▸ EXERCISE GOAL:
Retype the material that follows exactly, limited to the lines from the one with "RTY Daily Closing" through the one with "D-001 orthopedic tractor", and keep out all pictures.

┄┄┄┄┄┄┄┄┄┄┄┄┄┄┄┄┄┄┄┄

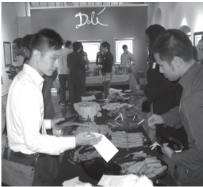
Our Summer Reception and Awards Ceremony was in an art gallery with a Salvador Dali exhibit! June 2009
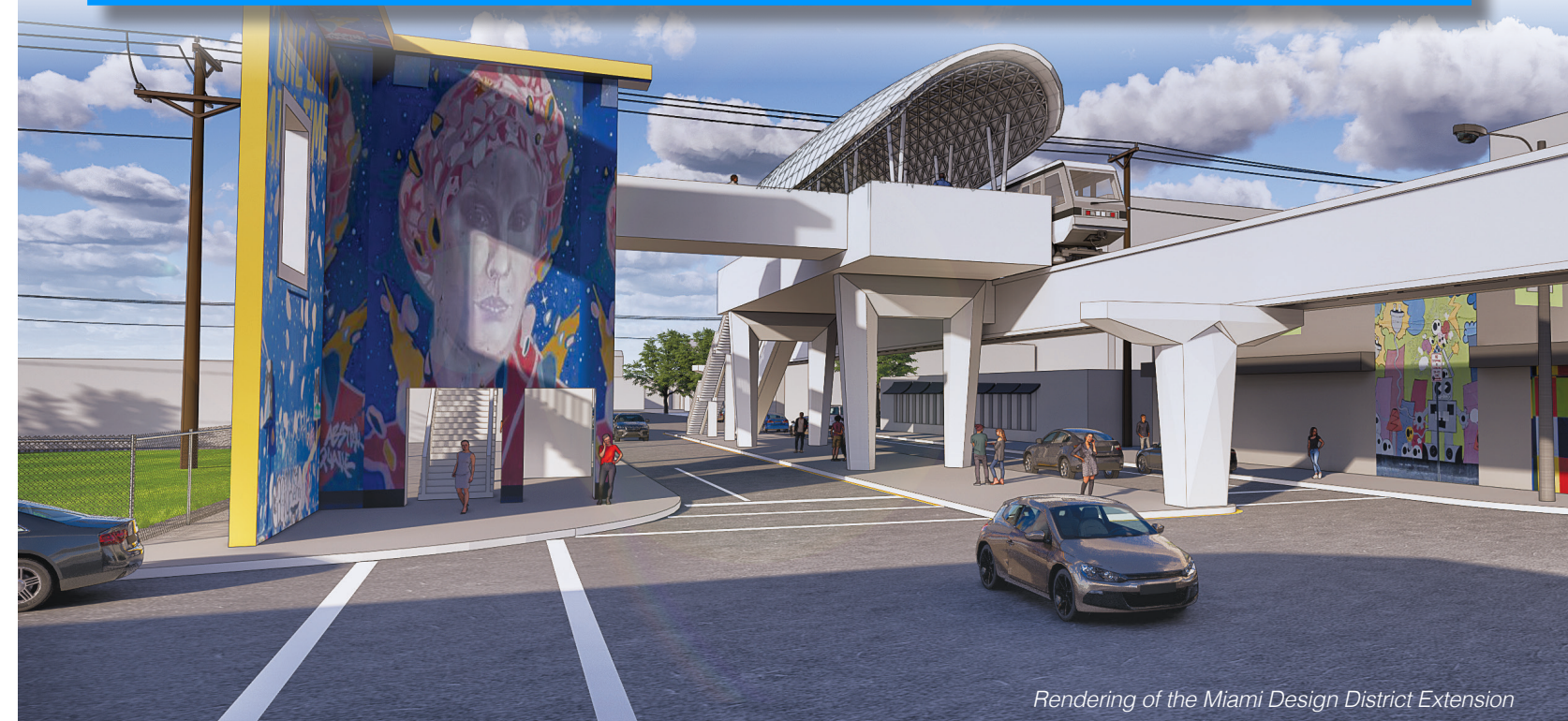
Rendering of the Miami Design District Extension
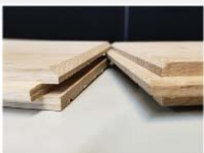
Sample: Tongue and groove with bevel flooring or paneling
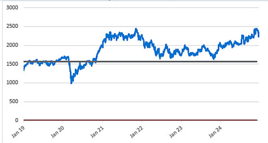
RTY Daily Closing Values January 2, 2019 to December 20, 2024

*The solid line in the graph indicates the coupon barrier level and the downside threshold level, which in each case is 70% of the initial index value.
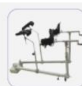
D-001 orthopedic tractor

┄┄┄┄┄┄┄┄┄┄┄┄┄┄┄┄┄┄┄┄

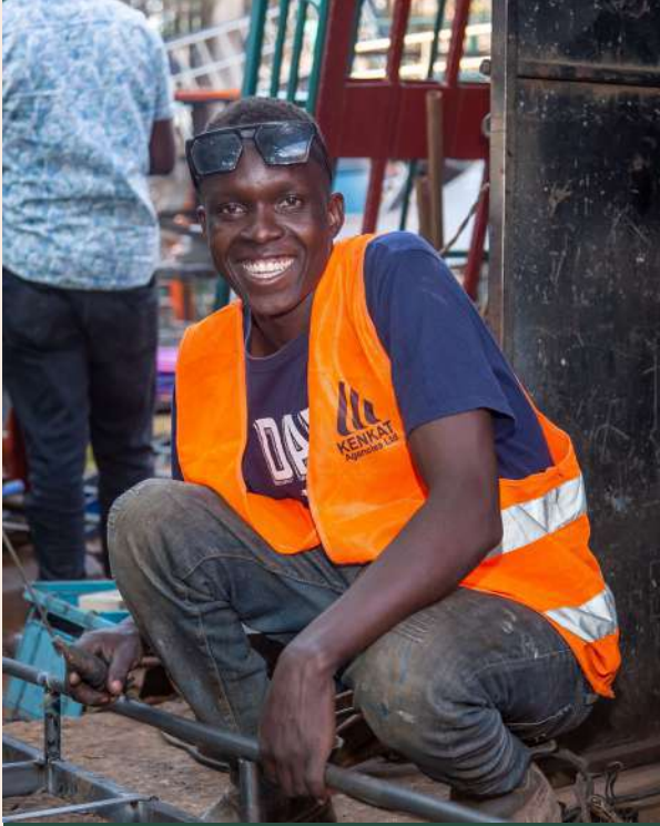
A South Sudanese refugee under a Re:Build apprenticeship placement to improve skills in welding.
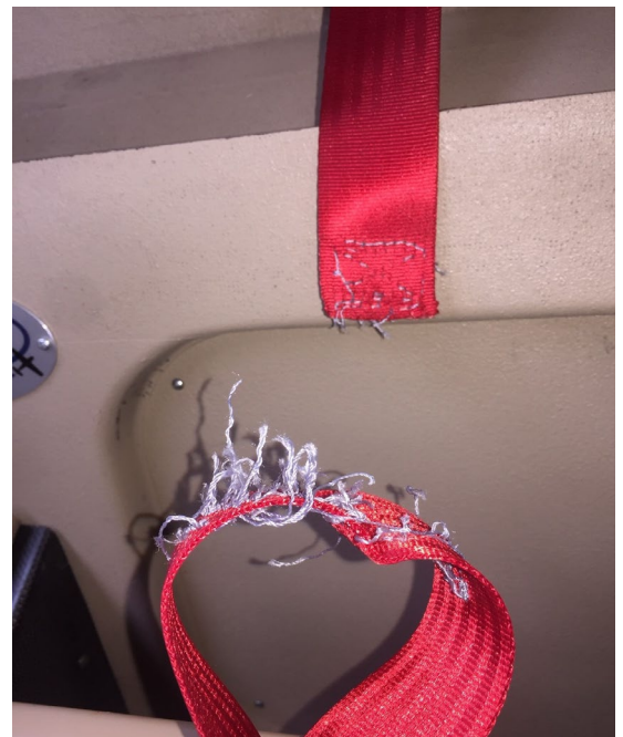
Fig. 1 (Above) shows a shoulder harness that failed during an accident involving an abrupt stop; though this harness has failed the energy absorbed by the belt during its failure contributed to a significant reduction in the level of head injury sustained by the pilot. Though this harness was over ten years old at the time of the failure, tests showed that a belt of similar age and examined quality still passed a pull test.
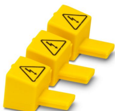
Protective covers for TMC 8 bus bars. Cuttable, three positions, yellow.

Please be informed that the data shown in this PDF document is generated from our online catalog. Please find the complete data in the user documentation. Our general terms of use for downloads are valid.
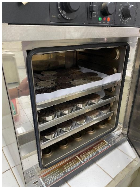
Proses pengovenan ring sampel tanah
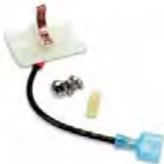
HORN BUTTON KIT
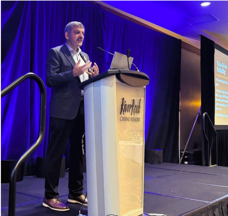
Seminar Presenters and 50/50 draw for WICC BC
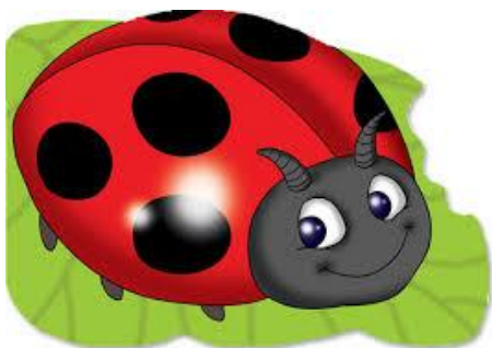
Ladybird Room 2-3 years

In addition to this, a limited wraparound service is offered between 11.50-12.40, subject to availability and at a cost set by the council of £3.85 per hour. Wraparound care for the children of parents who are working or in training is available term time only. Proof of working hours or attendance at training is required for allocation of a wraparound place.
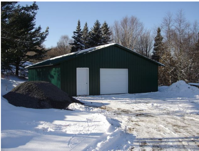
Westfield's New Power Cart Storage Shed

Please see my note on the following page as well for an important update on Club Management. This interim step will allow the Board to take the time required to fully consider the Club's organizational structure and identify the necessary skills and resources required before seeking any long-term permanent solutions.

┄┄┄┄┄┄┄┄┄┄┄┄┄┄┄┄┄┄┄┄

▸ RESULT OF THIS TASK:
RTY Daily Closing Values January 2, 2019 to December 20, 2024

*The solid line in the graph indicates the coupon barrier level and the downside threshold level, which in each case is 70% of the initial index value.
D-001 orthopedic tractor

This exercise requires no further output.